Every or nearly every single deck 'bus in the country had been called up for military and other services, and double Decker 'buses from all parts of the country were in evidence in Birmingham for general service, and I noticed in Digbeth a London 'bus with an advert on the top deck that incorporated a huge eye on each side of the top deck, in Dlgbeth as if it had only come for a look around.
I recall how, with fellow busmen in front of DigBeth garage, how we all were looking towards the top of the Bull Ring when the Market Hall was being bombed, and the brave firemen were struggling with hoses at the top of their ladders, and Jerry dropped an oil bomb on the market Hall, and the terrific "whoosh" and pressure from it seemed to knock us all back into the garage, and the market Hall must have been some 200 yards away.
However, all good and bad things must come to an end, as the saying is, and I reported to the garage for duty one day, and the garage Forman said to me and others, and it was Friday, pay day as well, "Go outside your 'bus is there, and join that convoy." So, willy-nilly I was in the Forces. I don't think I am betraying any secrets after all of these years, but our first stop with the convoy was in the centre of newbury.
A vast force of vehicles and men were there, and I can only say that we went where we had to go, in many and diverse ways, and I finished up in Aldershot, where I, with others, was left until required, so that all we could do was to have a look around the place.
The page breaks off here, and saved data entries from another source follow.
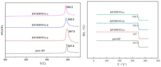 The thermal properties of samples with different MWNT contents were tested using TG-DTA under a N2 flow. Figure 5 shows that the decomposition peak slightly advanced as the MWNT content increased. The pure KP exothermal peak was at 347.4 °C, and those of KP/MWNTs-a, KP/MWNTs-b, and KP/MWNTs-c were at 348.0, 345.3, and 344.3 °C, respectively. The MWNTs accelerated the KP thermal decomposition reaction because of their strong thermal conductivity. However, a small amount of individual MWNTs had only a minor effect on the thermal properties of KP, as the sample’s exothermal peak only slightly advanced (by less than 5 °C).
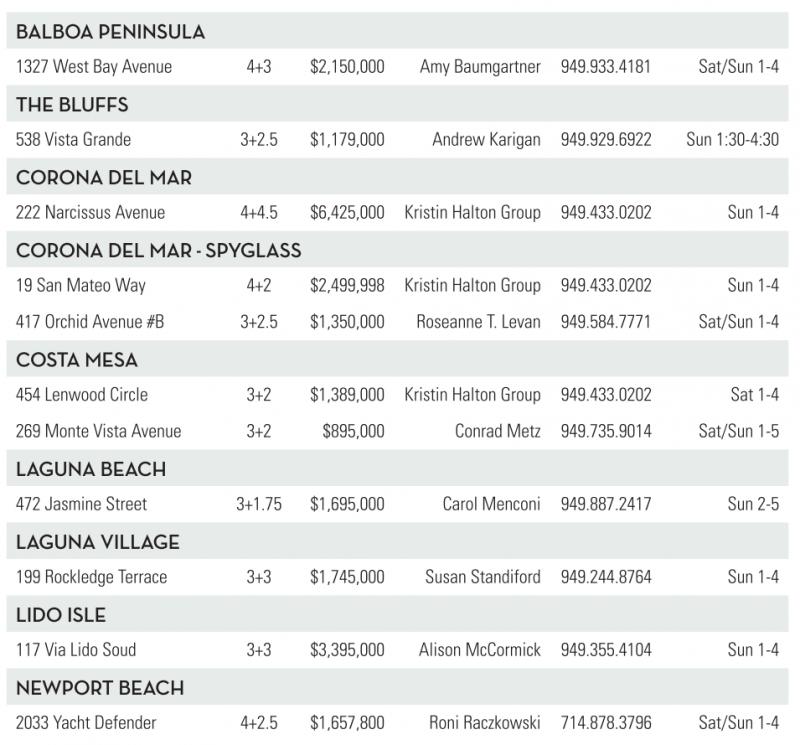 BALBOAPENINSU 1327 West Bay Avenue 4+3 $2,150,000 Amy Baumgartner 949.933.4181 Sat/Sun 1-4 THE BLUFFS 538 Vista Grande 3+2.5 $1,179,000 Andrew Karigan 949.929.6922 Sun 1:30-4:30 CORONA DEL MAR 222 Narcissus Avenue 4+4.5 $6,425,000 Kristin Halton Group 949.433.0202 Sun 1-4 CORONA DEL MAR -SPYG SS 19 San Mateo Way 4+2 $2,499,998 Kristin Halton Group 949.433.0202 Sun 1-4 417 Orchid Avenue #B 3+2.5 $1,350,000 Roseanne T. Levan 949.584.7771 Sat/Sun 1-4 COSTA MESA 454 Lenwood Circle 3+2 $1,389,000 Kristin Halton Group 949.433.0202 Sat 1-4 269 Monte Vista Avenue 3+2 $895,000 Conrad Metz 949.735.9014 Sat/Sun 1-5 GUNA BEACH 472 Jasmine Street 3+1.75 $1,695,000 Carol Menconi 949.887.2417 Sun 2-5 GUNA VIL GE 199 Rockledge Terrace 3+3 $1,745,000 Susan Standiford 949.244.8764 Sun 1-4 LIDO ISLE 117 ViaLido Soud 3+3 $3,395,000 Alison McCormick 949.355.4104 Sun 1-4 NEWPORTBEACH 2033 Yacht Defender 4+2.5 $1,657,800 Roni Raczkowski 714.878.3796 Sat/Sun 1-4
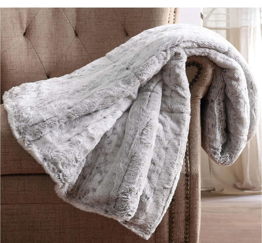 Christian Siriano NY® Snow Leopard Faux Fur Throw in Gift Box, 1-Piece Giftable Throw Blanket, Oeko-TEX Certified Confidence, 1 Sabana Gris
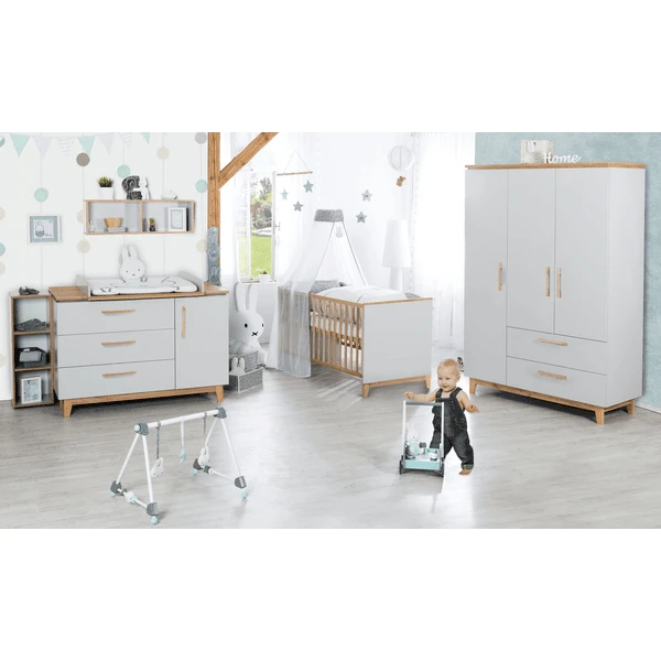 Dekor „Lichtgrau“ und „Goldeiche“. Das Set besteht aus Kombi-Kinderbett,
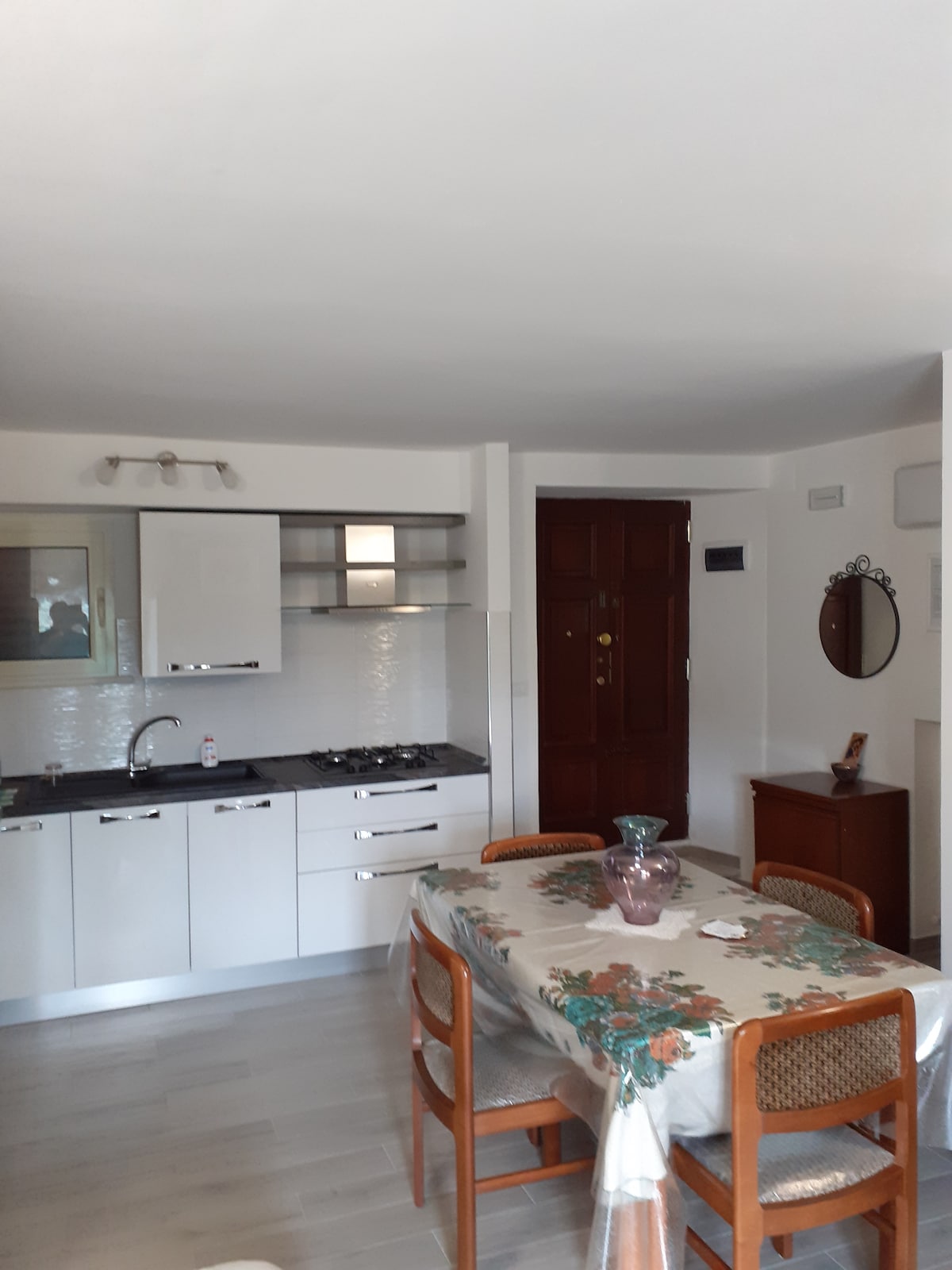 Appartamento con 2 camere da letto (4/5 persone),1 bagno, cucina, 60 mq totale con balcone. (3 letti di cui, 2 singoli, 1 matrimoniale, 1 divano letto) Nota : Piano giorno al piano terra, camere e bagno al 1° piano

As I strolled along, left like others to my own devices, I noticed a huge open-fronted shed that was half-filled with a mountain of boots, mainly army boots that were obviously second-hand, but many much better than mine, so with no-one to say me nay, I climbed up the stack and exchanged my boots for a much better pair.
I was comforted by the old adage; When in Rome do as Rome does!
Somehow or other a feeling of peace came over me, it was just as if all of the travails and upsets of yesterday had never been, although I knew that after we had all endured during the 'phoney war,' and this was the time of Dunkirk, I knew that nothing would ever be the same again, our to-morrows were yet to come.